LeeChan-Uncensored GGUF quantized weights debut on HuggingFace
mradermacher published GGUF-quantized weights for LeeChan-Uncensored, an English conversational model with no safety filters, enabling local CPU and low-VRAM inference.
LeeChan-Uncensored, an English conversational model from leechanrx, now has GGUF-quantized weights available on HuggingFace courtesy of mradermacher. GGUF quantization compresses the original weights into smaller files optimized for llama.cpp, Ollama, and other local inference engines, making the model practical for consumer hardware—CPU-only setups included.

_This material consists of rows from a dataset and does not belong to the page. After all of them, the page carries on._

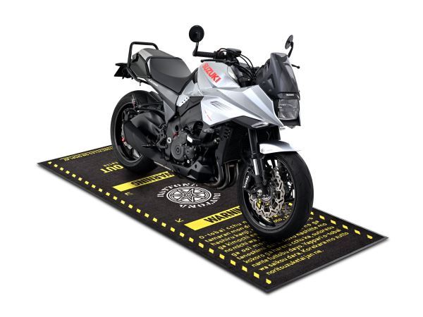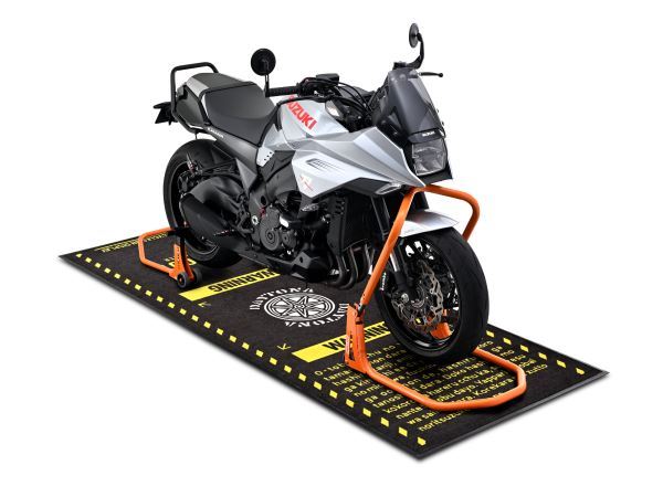 ゴム素材のベースに高耐久ナイロン起毛を組み合わせた、バイクの整備・保管に最適なメンテナンスマット。オイルなどを通さないゴムベースが床の汚れを防ぎ、サーキットやガレージでの使用に最適です。汚れた際は高圧洗浄機などで手軽に水洗いが可能。ミリタリーテイストをベースに、セブンスターホイールのロゴを中央に配置。クラシックモデルとの相性も抜群。
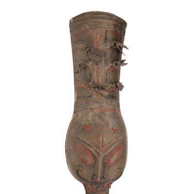 2.) 28.25" blade length. 39.25" overall. Double edge spear tip blade with 11.5" steel braces to both sides. Hilt is made of brass, chiseled with Arabesque borderwork, has brass tassels, and is embossed to resemble a grotesque head. Appears to have been painted red at some point.
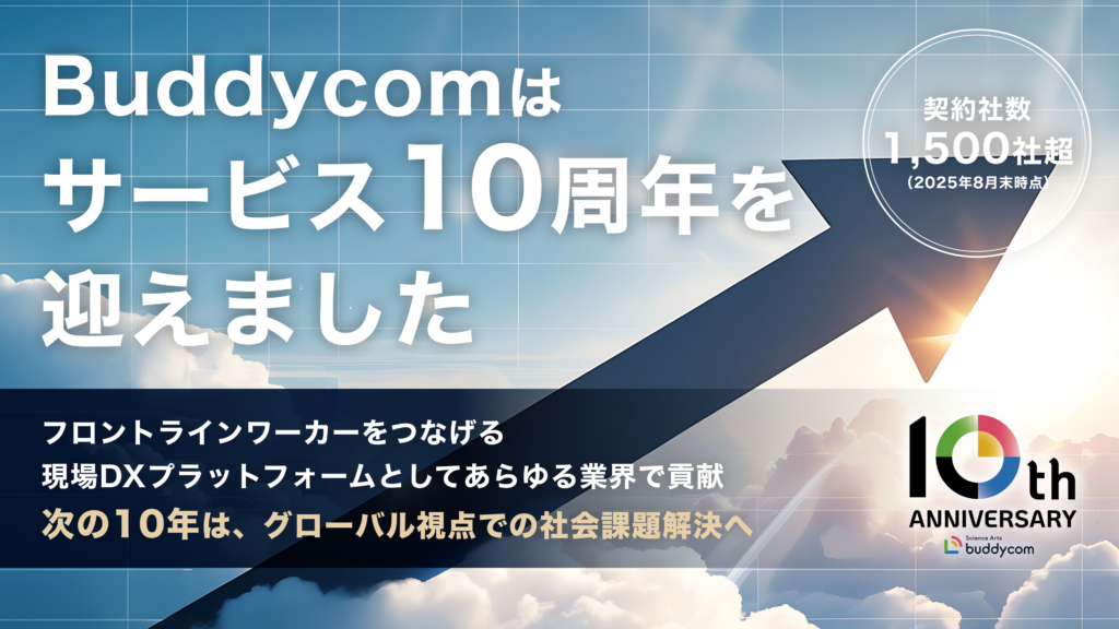 株式会社サイエンスアーツ(所在地:東京都渋谷区、代表取締役社長:平岡 秀一)は、フロントラインワーカーをつなげるライブコミュニケーションプラットフォーム「Buddycom(バディコム)」が、2025年9月にサービス開始から10周年を迎えたことをお知らせします。
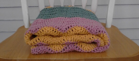 Cotton Blanket, Ripple Afghan, Crocheted Afghan, Throw, Baby Blanket
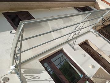 Pensilina in plexiglass con struttura in ferro zincato. Misure 4.70 m x 1.70 m

The model runs without safety restrictions. The "uncensored" label typically means the model was trained or fine-tuned without refusal phrases, content filters, or alignment guardrails—users can prompt it on any topic without automatic rejection. That makes it a fit for creative writing, role-play, research into model behavior, or any workflow where safety-tuned responses get in the way. The HuggingFace repository tags it as transformers-compatible and conversational, suggesting it's built for chat-style prompts rather than completion or instruction-following tasks.
At publication, the repository showed zero downloads and zero likes, so community feedback on quality, coherence, and actual refusal behavior isn't yet available. The model card doesn't list parameter count, context length, or benchmark numbers—details that would help practitioners choose the right quantization tier. The next step is to pull a mid-range quant (Q5_K_M or Q6_K), run a few test prompts, and report back on coherence and refusal rate. If the base model is small enough for 16 GB VRAM or 32 GB system RAM, it could fill a niche for users who want uncensored local inference without the compute overhead of 70B-class models.